Here is a list of common questions about manners, etiquette, and social skills. Some of these have been submitted directly to us through our contact us links, and others have been gleaned from information that readers have shared with us about how they found our site. Others are the "tried and true" questions that come up again and again, like how do you do introductions properly?

We will continue to add to this list of questions, so if you have one we haven’t answered, by all means email us! Our goal is to provide valuable resources to anyone who wants to teach, learn, or improve their social skills.
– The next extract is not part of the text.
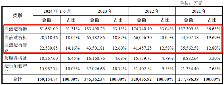 威高血净是医疗行业巨头威高集团旗下从事血液净化业务的公司,主要产品包括血液透析器、血液透析管路、血液透析机以及腹膜透析液。从业务占比来看,血液透析器的占比超过50%,血液透析机和血液透析管路的占比位居二、三位。

We hope you find this list of tips valuable.

RSVPs

Thank You Notes

Best Ways to Reinforce Good Manners

Best Age to Teach Good Manners

Introductions

Best Starting Point for Good Manners

What is an RSVP and what do we do about it?

We won’t bore you with the French translation (which is where RSVP comes from) but it means that the person who is inviting you would like you to let them know whether or not you are coming. This is one of the easiest things to do, yet it is one of the most overlooked.

Trust us, from a host’s or hostess’ standpoint, there is nothing more frustrating than not knowing how many people to expect for a given function. Just think about it: if you were the one responsible for providing refreshments, would you like to know whether you had to buy food and drinks for 20 or 200!

We know of one couple who planned an elaborate wine tasting party, and received NO RSVPs from any of the invited guests. When the day of the party came, they went out to dinner instead. And, on their way home, they found one of their "guests" circling the driveway, wondering what had happened to the party. You can be HE never forgets to RSVP anymore!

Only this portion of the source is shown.